The first few seconds of freefall are quite possibly the most petrifying I've ever had. When you jump out of a plane, you fall with such speed that it doesn't really feel like falling. But when you jump off a tower—hell yes, you know you are freaking falling. The bloodcurdling scream came ripping out of my chest.
And then, just as suddenly as it came, the fear was gone. It was overtaken by the adrenaline rush, and my brain started to scream, "Holy crap, you crazy woman, this is amazing!!!" My shriek of terror turned into a yell of joy, and I realized I wasn't afraid anymore and I was loving every millisecond of this mad leap of faith.
My jump ended with a smooth stop; not a bouncy recoil, as I expected. AJ Hackett uses cables to guide the bungee cord, to ensure the jumper doesn't recoil towards the tower (v. dangerous, as you can imagine). It definitely makes for a reassuring bungee jump, but I couldn't help but wonder what an organic bungee jump would feel like ...
After unhitching my feet from the harness, I turned right-side up and was gently lowered to the airbag, where AJ Hackett representatives were waiting for me. Once I was down, I realized my legs were shaking from the experience. After the harness was removed, I sat at the outdoor tables to watch my friends come flying down, one after the other. It's quite a thrill, as well, to just sit there and watch the bungee jumpers. One second you're looking up at a sun-drenched tower. The next there's a body hurtling down towards the ground at 200 kilometers per hour.
Everyone came off the bungee with exhilarated smiles, relishing the thrill and absorbing the shock that they had done something so extreme. We spent the rest of our afternoon in Macau on a high from the experience.
That night, back in Hong Kong, we watched our videos while having dinner on a rooftop overlooking the city. I found some comic relief at the narration of the videographer, who funnily enough was also Filipino and had the thickest Pinoy accent ever. I had to laugh when he said it wasn't a wonder I wasn't afraid because I'm from the "home of the brave." When the video reached the actual jump, my heart pumped at the sight of myself falling off the ledge and plummeting to the ground. I couldn't believe I really did that.

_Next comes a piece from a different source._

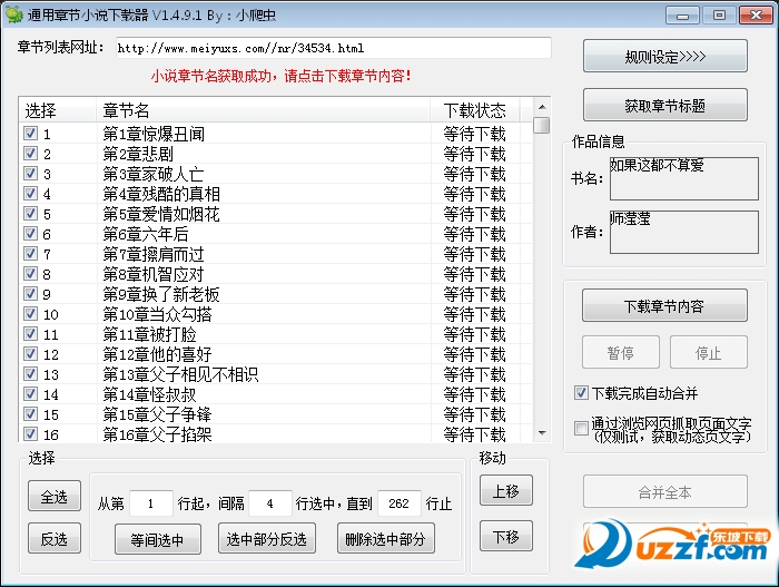 通用章节小说下载器主要用于静态网页小说页面文字的获取,并合并成TXT保存到本地。
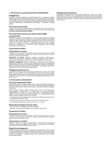 1. Stosowanie w pomieszczeniach mieszkalnych Pielęgnacja: Dokładka instrukcja dotycząca pierwszej konserwacji i pielęgnacji podłogi znajduje się na ulotce informacyjnej dla powierzchni pokrywanych naturalnym olejem HARO naturaLin, którą można otrzymać w najbliższym punkcie sprzedaży. W przypadku zastosowań w pomieszczeniach handlowych/publicznych należy poprosić najbliższego przedstawiciela handlowego o specjalną instrukcję obsługi. Pierwsza konserwacja: naturaLin jest naturalną powierzchnią, w przypadku której olej wysycha w kontakcie z powietrzem. Ta pierwotna forma konserwacji przy użyciu oleju jest konieczna zawsze po ułożeniu podłogi. Pierwsza konserwacja przy użyciu oleju HARO naturaLin Oil: Olej HARO naturaLin Oil wnika głęboko w drewno i nadaje podłodze pierwotny charakter. Powierzchnia ma otwarte pory i jest wyjątkowo odporna na wszelkie obciążenia dnia codziennego. Podczas aplikowania oleju HARO naturaLin Oil należy stosować się do wskazówek dotyczących jego użycia. Czas schnięcia wynosi ok. 12 godzin. Zaleca się w pierwszych dniach po ułożeniu podłogi traktować ją ostrożnie i w pierwszych dwóch tygodniach po pierwszej konserwacji nie namydlać jej. Czyszczenie zwykłe: Czyszczenie na sucho: Z reguły wystarcza czyszczenie parkietu na sucho przy użyciu mopa, szczotki z włosiem lub odkurzacza. Czyszczenie wilgotną szmatką można oczywiście wykonać zawsze w razie potrzeby. Czyszczenie na mokro: Zalecamy zależnie od stopnia zabrudzenia i intensywności użytkowania regularne czyszczenie podłogi na mokro środkiem czyszczącym do parkietów clean & green natural lub HARO naturaLin Soap Regularna pielęgnacja: Podłogę olejowaną w zależności od intensywności użytkowania można od czasu do czasu pielęgnować środkiem do pielęgnacji parkietów clean & green aqua oil. Regularna pielęgnacja środkiem clean & green aqua oil odświeża warstwę ochronną powierzchni i gwarantuje długi okres użytkowania oraz trwałość parkietu olejowanego. Pielęgnacja intensywna: Jeśli parkiet wykazuje ślady intensywnego użytkowania, należy użyć środka HARO naturaLin Refresh oraz przeprowadzić ponowną konserwację olejem (analogicznie do pierwszej konserwacji) lub gruntowne czyszczenie za pomocą środka clean & green active, a następnie pierwszą pielęgnację środkiem clean & green aqua oil. 2. Stosowanie w łazienkach Pierwsze naniesienie oleju: Powierzchnię szlifować szlifierką do podłóg i zieloną podkładką Superpad co najmniej 48 godzin po ułożeniu. Zaraz po tym dokładnie odkurzyć. Następnie dwukrotnie posmarować powierzchnię olejem naturalnym HARO Spa zgodnie z instrukcją. Nanieść olej przy pomocy wałka do lakierowania – Velours 4 mm (zawieraj¹cy rozpuszczalnik) – równomiernie i w duæej iloci na suchej powierzchni, rozprowadzię (ok. 50 ml/²), tzn. ustawię poprzecznie i rozprowadzaę wzd³uæ w³ókien wy³¹cznie przesuwaj¹c wa³ek do przodu i ty³u. Następnie przesunąć wałek o ¾ jego szerokości i powtórzyć czynność. -W przypadku obszarów brzegowych niedostępnych dla dużego wałka użyć do naniesienia oleju małego wałka. -Po zakończeniu tych prac podłoga ma równomierny matowy połysk. -Czas schnięcia po zakończeniu prac wynosi ok. 8 – -12 godzin. Nanoszenie drugiej warstwy oleju: -Suchą powierzchnię wygładzić zielonym Superpad. -Następnie postępować analogicznie do pierwszej warstwy oleju. Czyszczenie zwykłe: Czyszczenie na sucho: Z reguły wystarcza czyszczenie parkietu na sucho przy użyciu mopa, szczotki z włosiem lub odkurzacza. Czyszczenie wilgotną szmatką można oczywiście wykonać zawsze w razie potrzeby. Czyszczenie na mokro: Zalecamy zależnie od stopnia zabrudzenia i intensywności użytkowania regularne czyszczenie podłogi na mokro środkiem czyszczącym do parkietów clean & green natural lub HARO naturaLin Soap Regularna pielęgnacja: Podłogę olejowaną w zależności od intensywności użytkowania można od czasu do czasu pielęgnować środkiem do pielęgnacji parkietów clean & green aqua oil. Regularna pielęgnacja środkiem clean & green aqua oil odświeża warstwę ochronną powierzchni i gwarantuje długi okres użytkowania oraz trwałość parkietu olejowanego. Pielęgnacja intensywna: Jeśli parkiet wykazuje ślady intensywnego użytkowania, należy użyć środka HARO naturaLin Refresh oraz przeprowadzić ponowną konserwację olejem (analogicznie do pierwszej konserwacji) lub gruntowne czyszczenie za pomocą środka clean & green active, a następnie pierwszą pielęgnację środkiem clean & green aqua oil. Ogólne wskazówki Przed przystąpieniem do układania należy koniecznie dokładnie przeczytać całą instrukcję! Typ kleju Klej elastyczny Przechowywanie kleju: Przechowywać w suchym i chłodnym miejscu, klej nadaje się do użytku przez około 6 miesięcy. Czynności przed przystąpieniem do układania: Paczki można otwierać dopiero bezpośrednio przed przystąpieniem do układania. W miesiącach zimowych, panele w zamknietym, oryginalnym opakowaniu należy przystosować do temperaturu układania ok. 18°C. Paczki należy otwierać dopiero przed rozpoczęciem układania, a pozostałe klepki w przypadku dłuższych przerw w układaniu należy ponownie zapakować w folię. W nowych budynkach nie należy przechowywać wysuszonych i poddanych obróbce materiałów wysokiej jakości. Ważne: Przed przystąpieniem do układania parkietu sprawdzić elementy w świetle dziennym z uwagi na widoczne wady lub uszkodzenia oraz kolor i strukturę. Po ułożeniu roszczenia reklamacyjne tego typu są wykluczone. Kierunek układania: Kierunek układania jest najczęściej orientowany względem głównego źródła światła w pomieszczeniu, np. okno. Elementy należy układać wzdłużnie do kierunku padania światła. Proporcje pomieszczenia można podkreślić przez zręczny wybór kierunku układania. Małe pomieszczenia wydają si

And yet, as we continued to watch the reels of AJ Hackett bungee jumps all over the world, I couldn't help but wonder ... What would a bungee jump without the guide cords feel like? How cool would it be to jump and dip your hands and head into the water below? What would it be like to jump into a forest ... or off a bridge ... or ...
... and then a stern little voice chimed up in my head: Celine, I thought you would stop doing crazy things after this one?
A wicked little smile spread on my lips. We'll see about that.
A massive thank you to Tamara and Michele for being such wonderful hosts and to Juan for taking a big gulp of the crazy sauce!